DIRECTIONS FOR THIS TASK:
After locating the line that holds "1、點(diǎn)擊【STA", copy that line and all that follow it word for word through the end of the data, with no pictures.

MATERIAL TO PROCESS:
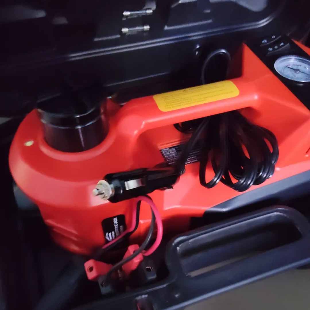 Quedarte varado por una llanta ponchada ya no tiene por qué ser una situación estresante. Este gato hidráulico eléctrico 12V con bomba de inflado integrada te permite levantar tu vehículo y resolver una emergencia vial de forma práctica, sin esfuerzo físico y sin depender de ayuda externa.
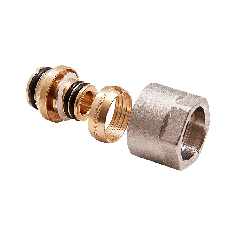 Предназначен для подключения металлополимерной трубы к коллектору с выходами диаметром 3/4″, стандарт соединения — «евроконус». Латунный фитинг с накидной гайкой и обжимным кольцом.
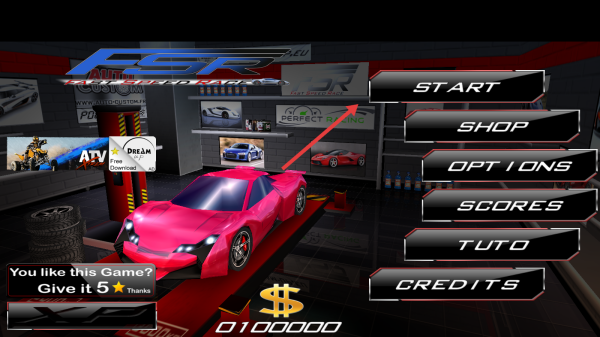 1、點(diǎn)擊【START】進(jìn)入模式選擇,可看到車庫(kù)內(nèi)粉色賽車,開啟游戲流程,準(zhǔn)備體驗(yàn)賽車玩法。
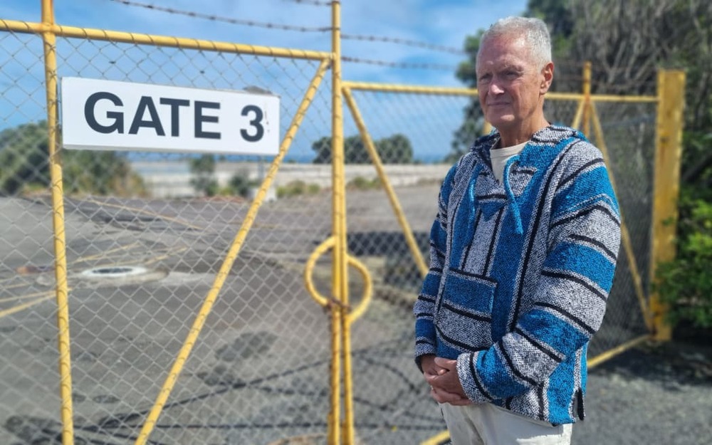 Maurice Bevin at the gates of the now demolished plant. Photo: RNZ / Robin Martin
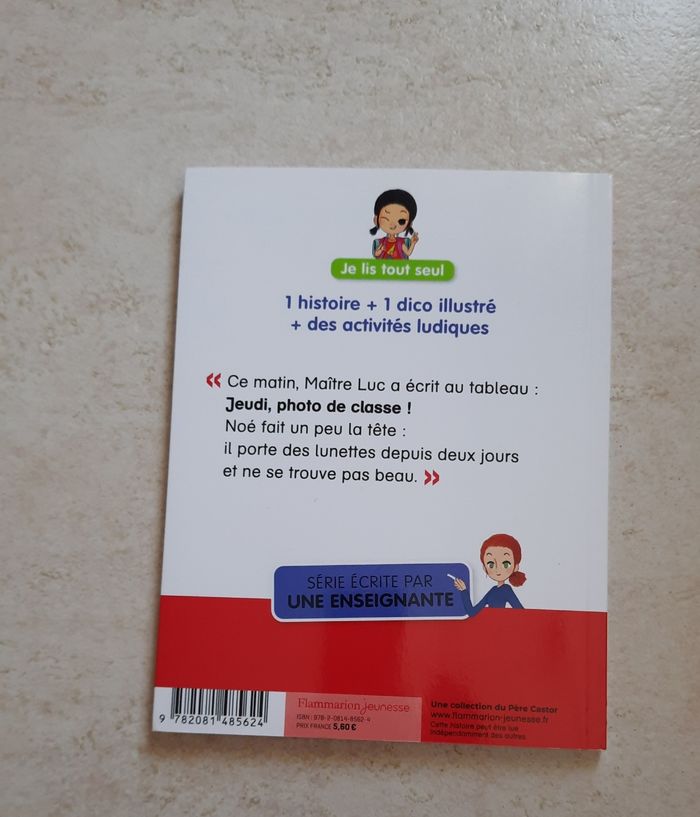 Livre je suis en CE1 la photo de classe. "Ce matin Maître Luc a écrit au tableau: jeudi, photo de classe! Noé fait un peu la tête: il porte des lunettes depuis deux jours et ne se trouve pas beau." Neuf, jamais lu.
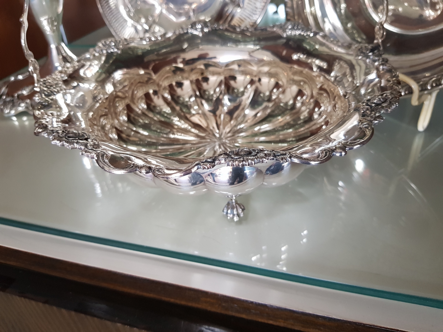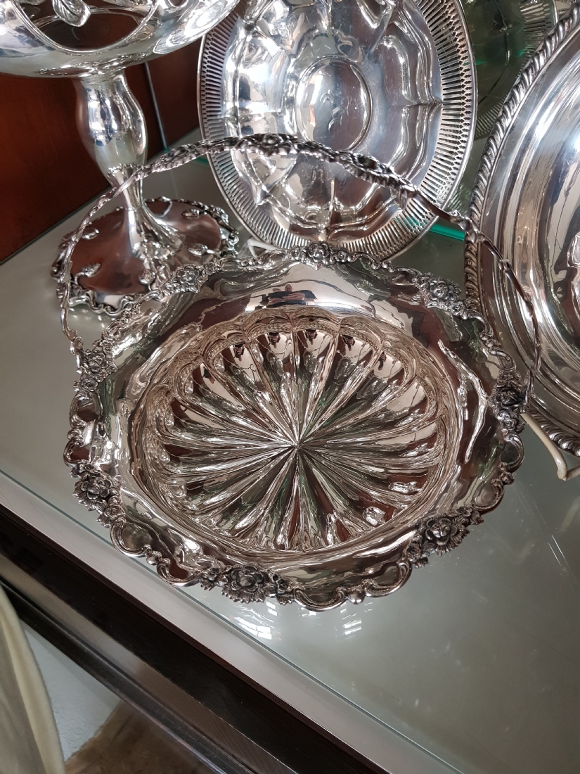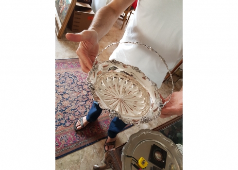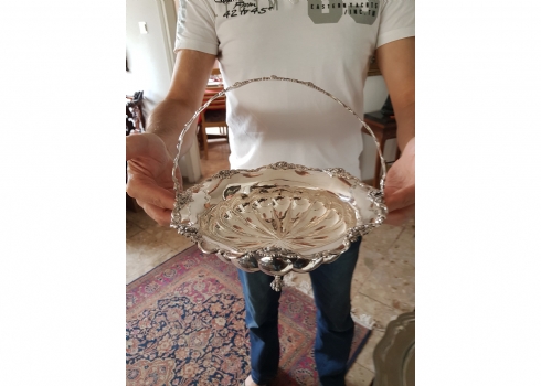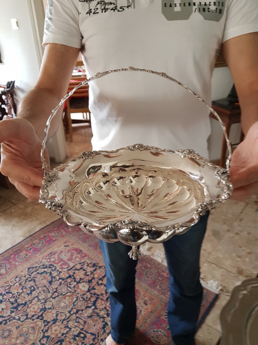 סלסלת כסף עשויה כסף 'סטרלינג' חתום: '925', משקל: 544 גרם, גובה עם הידית: 23 ס"מ, קוטר: 24 ס"מ.

TASK RESULT:
 1、點(diǎn)擊【START】進(jìn)入模式選擇,可看到車庫(kù)內(nèi)粉色賽車,開啟游戲流程,準(zhǔn)備體驗(yàn)賽車玩法。
 Maurice Bevin at the gates of the now demolished plant. Photo: RNZ / Robin Martin
 Livre je suis en CE1 la photo de classe. "Ce matin Maître Luc a écrit au tableau: jeudi, photo de classe! Noé fait un peu la tête: il porte des lunettes depuis deux jours et ne se trouve pas beau." Neuf, jamais lu.
 סלסלת כסף עשויה כסף 'סטרלינג' חתום: '925', משקל: 544 גרם, גובה עם הידית: 23 ס"מ, קוטר: 24 ס"מ.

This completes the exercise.